There new charm metadata that can be used within k8s charms:
deployment:
type: stateless | stateful
service: cluster | loadbalancer | external
The default deployment type is stateless. Charms which declare storage would need to also say they want a stateful deployment or else we’ll error early. A charm is free to say it wants a stateful deployment even without storage being required.
Charm OCI images
Charms declare what OCI images they need using resource metadata, and there’s a base reactive layer which handles the work of pulling the iamges as needed.
Charm store charms store their OCI images in a docker repo hosted by the charm store itself. If you want to deploy a local charm, you need to specify a path for each image like so:
juju deploy /path/to/mariadb --resource mysql_image=mariadb:latest
The image resource value is any supported docker repo path URL.
The above works great for public images.
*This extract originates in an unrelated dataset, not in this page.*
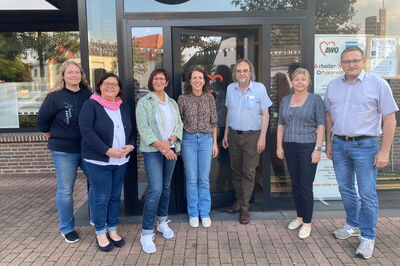 Foto: v. l. n. r.: Verena Stümpel (Fachbereichsleitung Kindertageseinrichtungen Nord-West, Christina Figge (Fachbereichsleitung Kindertageseinrichtungen West), Esther Palmer, Sandra Schubert (Stabsstelle Verbandspolitik und Öffentlichkeitsarbeit), Michael Stukowski (Ausreise- und Perspektivberatung), Melanie Angermund, Gregor Berning
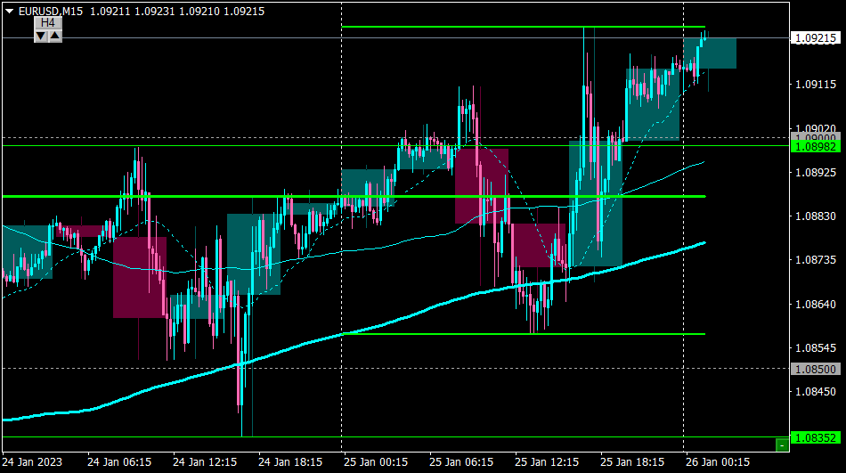 昨日は1.090でのプライスアクションに注目していたが、いったん上抜いたもののフェイクになり下落。

For private images requiring a username and password, the resource value is a path to a file similar to:
registrypath: image-path
username: me
password: secret
juju deploy /path/to/mariadb --resource mysql_image=/path/to/imagedef.yaml
To upgrade an existing deployed charm, use the upgrade-charm as normal. The charm will need to have been written to react properly to the upgrade hook and generate a new pod spec yaml to send. Juju does filter out any yaml which is the same as already deployed so it’s safe for the charm to speculatively send in a regenerated pod spec.
juju upgrade-charm /path/to/mariadb --resource mysql_image=mariadb:test
Miscellaneous Improvements
Integration with microk8s snap
If the Juju snap is installed and microk8s is already present, the jujud-operator and juju-db images will be cached in the microk8s repository so that subsequent bootstrap is much faster.
Better error surfacing
If there’s a syntax error in the pod spec YAML generated by the charm, or a semantic error due to an unsupported config value in the pod spec itself, Juju will reflect this in status as an error on the application.
Charms without pods
Some charms may require just the operator to be deployed and no workload pods. That use case is now catered for in that juju status and status history now better reflect the state of the charm, and don’t incorrectly report “waiting for container”.
Scale to 0
We now allow the application to be set to 0 on the Juju side. Previously this was disallowed for reasons no longer relevant.